El policía se levantó de su silla e increpó al zapatero.
—¿Cómo pudiste ser tan tonto? Nos tienes hace media hora con tus vueltas, alguien evidentemente se encuentra herido y Dios quiera que no sea algo peor ¡Corramos hacia allí! —Exclamó el viejo policía.
De camino al lugar de los hechos, se encontraron con varios vecinos que bajaban corriendo la calle en busca de la autoridad. Todos ellos al ver la caras de preocupación de los tres personajes, intuyeron que sabían los sucedido. Al llegar a la casa, entraron con premura. Ya se encontraba en el lugar el médico del pueblo. En el piso seguía el cuerpo.

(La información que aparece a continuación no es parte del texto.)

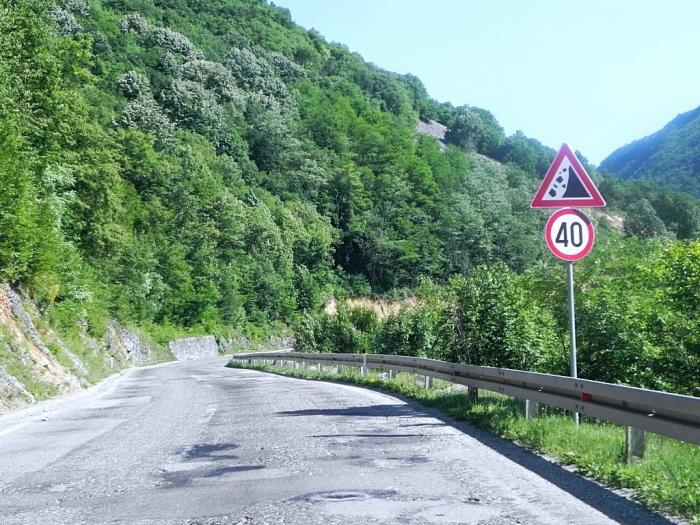 Видимо, для того, чтобы компенсировать объезд, в направлении Ужице Гармин повёл нас короткой дорогой. Ехать стало заметно веселее, но при этом стрёмно, так как на холмистой практически однополосной дороге всегда есть риск нарваться на безбашенного встречного джигита.
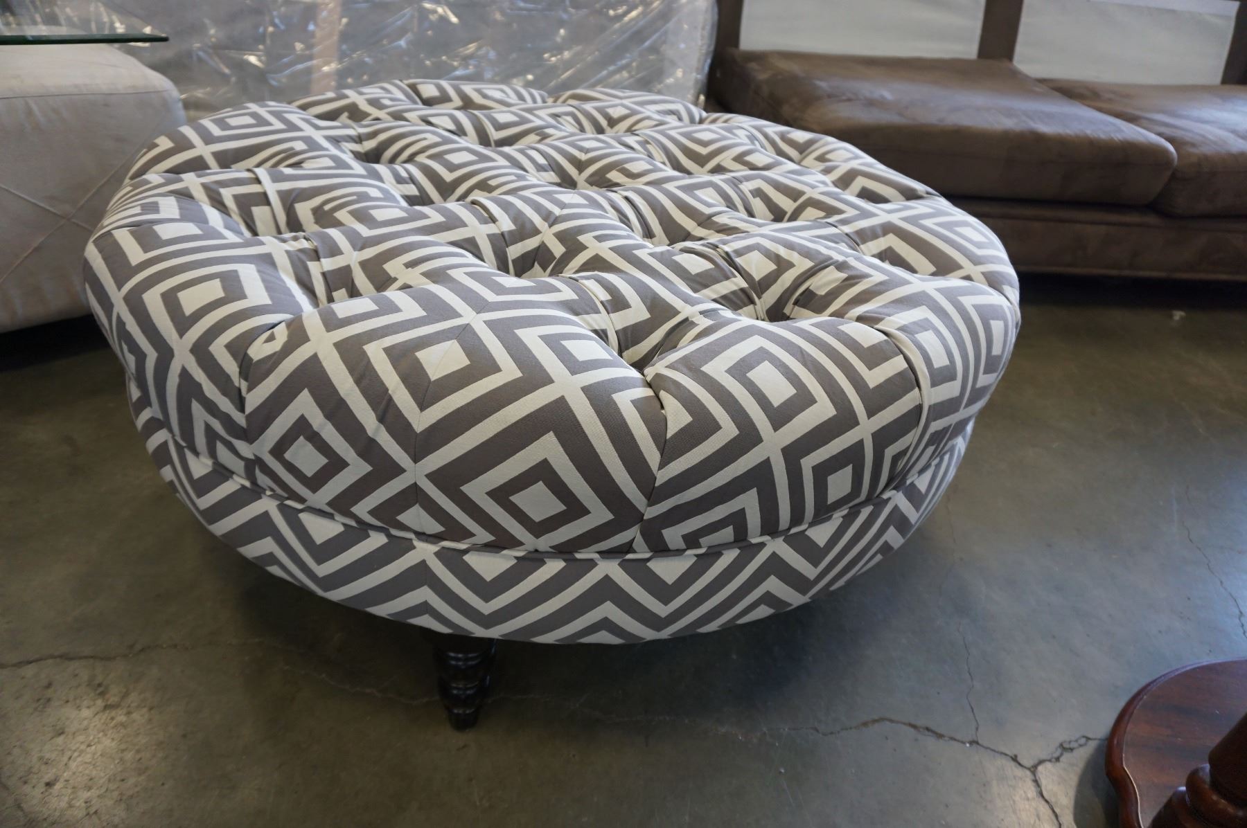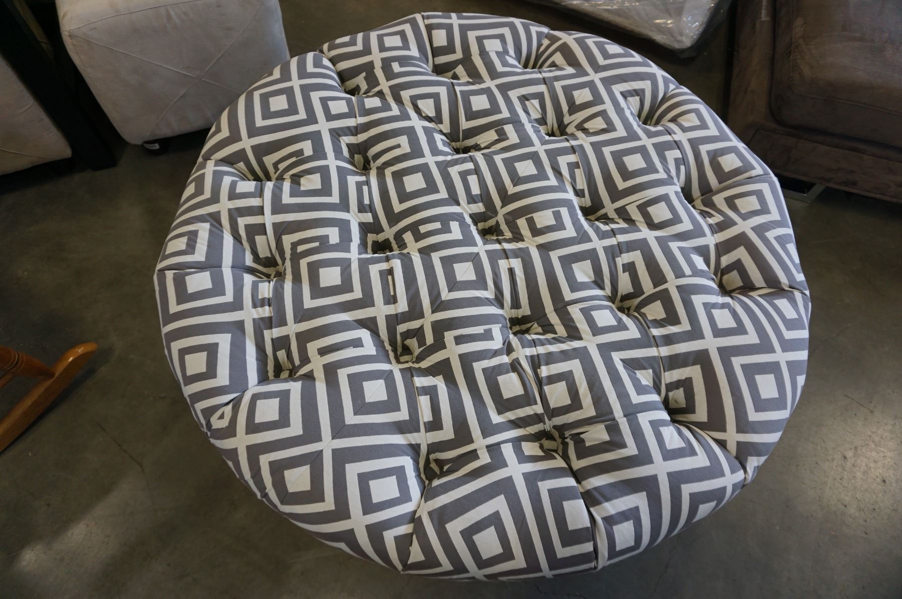 LARGE GREY TUFTED GREY AND BLACK OTTOMAN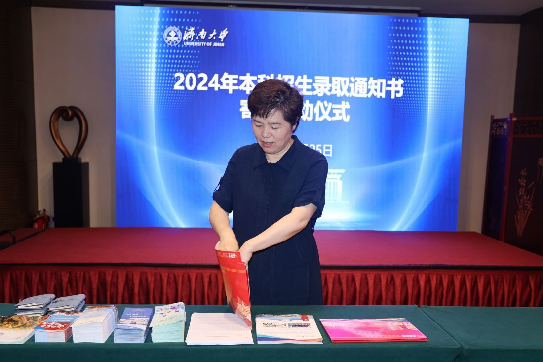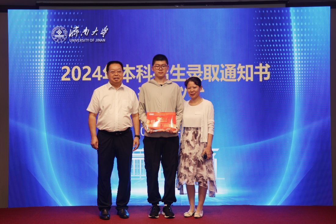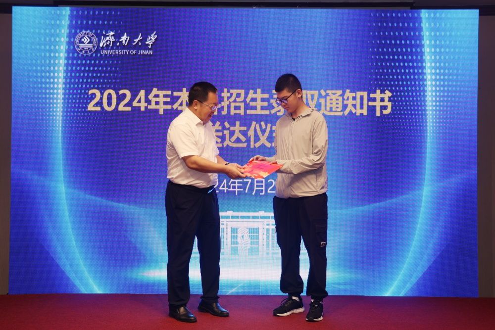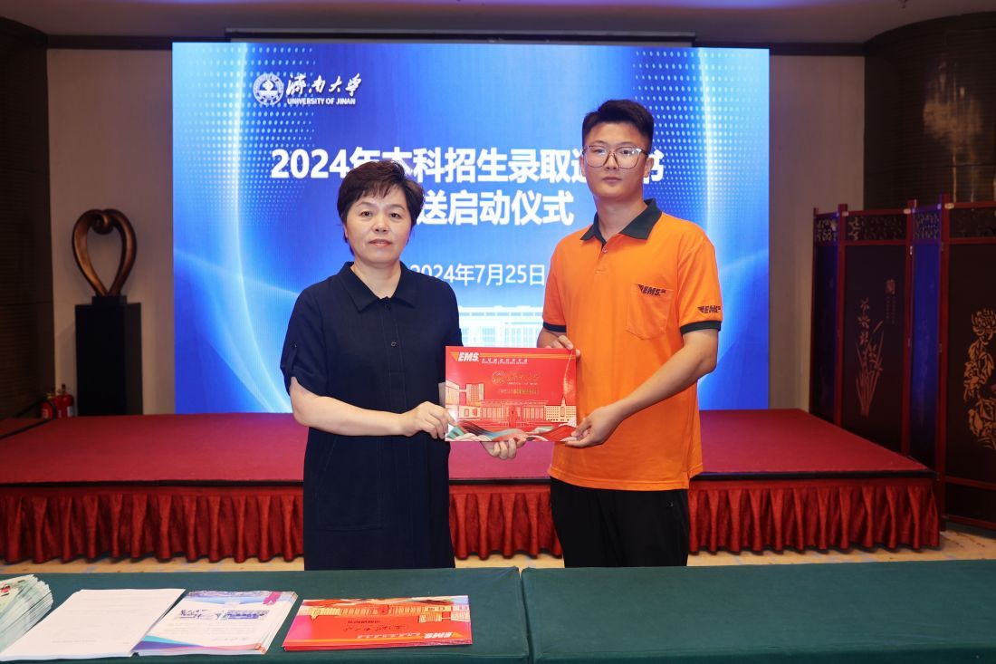 隨后,劉春華、劉宗明、王霞參加錄取通知書(shū)寄送啟動(dòng)和首份錄取通知書(shū)送達(dá)儀式。劉春華將編號(hào)為“2024010001”的錄取通知書(shū)、新生入學(xué)須知、具有濟(jì)大特色的文創(chuàng)紀(jì)念品等材料逐一裝入郵遞袋,并交接給中國(guó)郵政工作人員,標(biāo)志著我校第一批錄取通知書(shū)寄送工作正式啟動(dòng)。劉宗明為我校2024級(jí)材料物理(新能源材料拔尖創(chuàng)新實(shí)驗(yàn)班)韓鴻錦同學(xué)送達(dá)第一份錄取通知書(shū),并鼓勵(lì)韓鴻錦同學(xué)要胸懷大志、腳踏實(shí)地,做德智體美勞全面發(fā)展的社會(huì)主義合格建設(shè)者和可靠接班人。
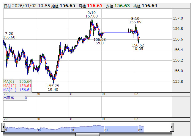 米ドル/円 <5分足> 「株探」多機能チャートより2日午前の東京市場でドル・円は156円60銭台で推移。156円89銭まで買われた後、156円52銭まで下落。ただ、顧客筋の米ドル買い注文が156円台前半以下に残されているため、米ドル・円は156円台前半で下げ渋る状態が続くとみられる。ユーロ・円は184円29銭から184円03銭まで下落。ユーロ・ドルはやや強含み、1.1746ドルから1.1762ドルまで戻す展開。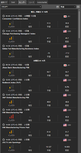 経済指標カレンダーでは、前回の結果と今回の予想をチェックできます。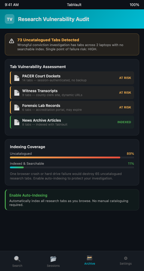 A wrongful conviction investigation that loses its research archive to a browser crash does not lose a few bookmarks -- it loses the evidential chain connecting forensic lab reports to witness statements to appellate rulings. TabVault prevents that loss by indexing every page as you browse, with zero manual effort. One true crime team catalogued 847 pages across a six-month cold case investigation, and when opposing counsel demanded documentation of their research process, they produced a timestamped archive covering every source consulted. Start indexing from your first research session and eliminate the single point of failure that uncatalogued tabs represent.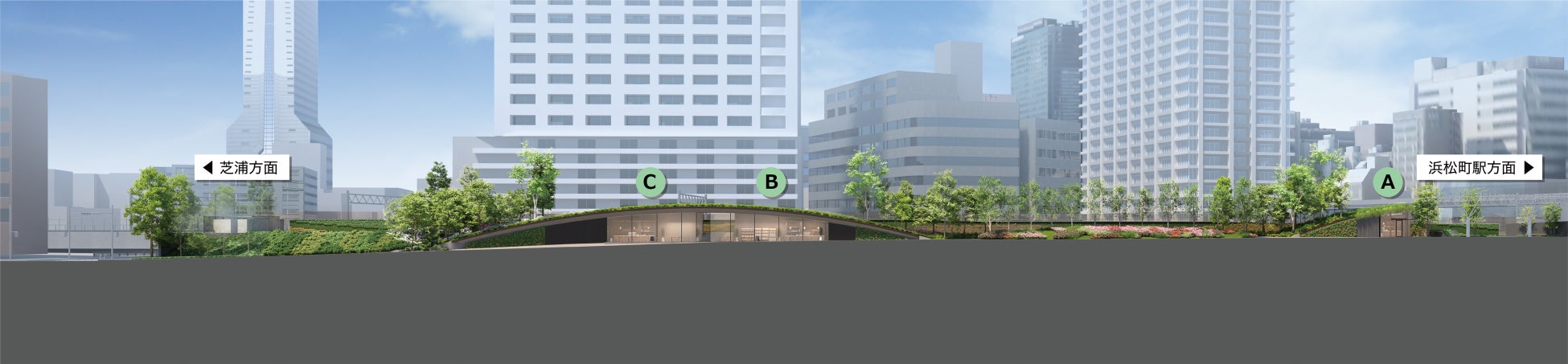 GREEN WALKは浜松町駅や竹芝エリアと、芝浦エリアとの回遊性を高める為に、港区道である歩行者専用道路を中心に、植栽や水景が整備されたアプローチです。この度、開通するのは浜松町駅南口から本プロジェクト敷地南側にかけての区間となります。今後も整備を続け、浜松町駅北口・竹芝方面までの伸長を予定しております。

Según supieron de boca del galeno, la persona se encontraba muerta, el golpe no había sido mortal, pero sí la caída. Aparentemente su cabeza había pegado contra el borde de una mesa de mármol, destrozando su sien. Del resto de las personas involucradas, ni rastros. El comisario interrogó a cada uno de los vecinos, nadie vio salir a nadie. No se encontraron huellas ni ropas de nadie más que de la dueña de la casa. Solo un pequeño detalle, un tanto inusual, la escopeta había sido disparada pero no se encontraron los perdigones por ningún lado. A la bella señora, dueña de la casa, la buscaron durante varios días, luego se emitió un pedido de captura, no la pudieron encontrar jamás. Del fantástico relato del zapatero nunca se habló en público. El cura baño la casa con agua bendita y todavía sigue rezando. El comisario dio el caso por cerrado, tenía una asesina y una víctima.